Best of Belichick Era: Number 20 — Julian Edelman


I'm spending 50 days ranking the top 50 players of the Bill Belichick Era, from No. 50 down to No. 1. (Click here for a criteria on how I made my selections.)


Today we reach . . . .

Years With Patriots: 2009-present
Games: 78
Playoff Games: 10
Honors: Super Bowl winner (2014)

Had I done this list at the end of 2012, Julian Edelman wouldn’t have been on it. Might not have been on it after 2013, either, even after catching 105 balls for 1,056 yards in the regular season and another 16 in two playoff games. His resume -- even though he's one of the most prolific punt returners in NFL history -- wasn’t long enough.

But now?

Accuse me of recency bias if you want, but Edelman’s 2014 postseason rockets him up to the top 20.

His backstory is typical Patriots. A college quarterback and seventh-round pick, he caught 8 balls for 98 yards in his first game -- a Week 2 pinch-hitting appearance for Wes Welker -- against the Jets.  He was boxed out by Welker from then until the final regular-season game, when Welker’s ACL went in Houston; Edelman stepped in and caught 10 for 103. In the Patriots’ mail-it-in loss to the Ravens in the 2009 playoffs Edelman was one of the few players who showed up, catching six passes and two touchdowns.

But Welker held onto the job in 2010 and '11. In 2012, Edelman looked ready to overtake him coming out of camp, but then broke his wrist against the Ravens in Week 4 and damaged his foot at Miami in Week 12, landing on injured reserve.

Deemed too brittle to rely on, Edelman wasn’t the first choice to replace Welker after the latter signed with the Broncos in 2013; Danny Amendola was. But when Amendola got hurt in the first game, Edelman got his shot . . . and he's been nothing less than the best slot receiver in the NFL ever since. And in the biggest games, he's been money.

In the Patriots' five postseason games in 2013 and '14, Edelman had 42 catches for 454 yards, two touchdowns (including the Super Bowl game-winner against the Seahawks) and a touchdown pass that changed the shape of the 2014 Divisional Playoff against Baltimore. In 2014, he returned 9 punts for 143 yards in three playoff games.

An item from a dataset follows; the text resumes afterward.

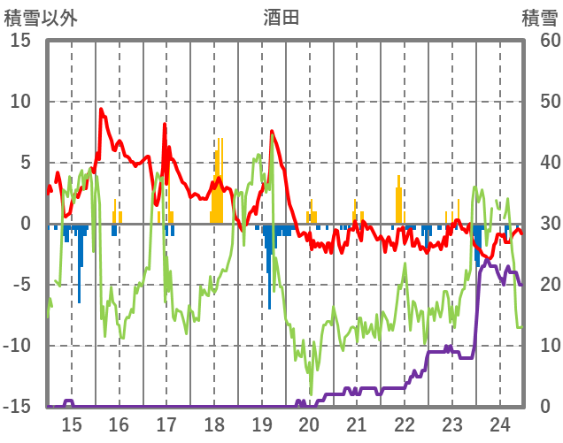 | 日 | 時 | 気温 | 降水 | 風向/風速 | 日照 | 積雪 | 降雪 |

Also, Edelman’s punt-return accomplishments get overlooked: He’s fourth all-time in average yards per return (12.3), which ties him with Devin Hester. Every other guy in the top 10 entered the league prior to 1993. In other words, against more skilled punters and bigger, faster coverage groups, Edelman is getting it done at an almost Ruthian level.

Long, long, long after Edelman’s done, he’ll be forever running like a crazed dog in the 2014 postseason highlights.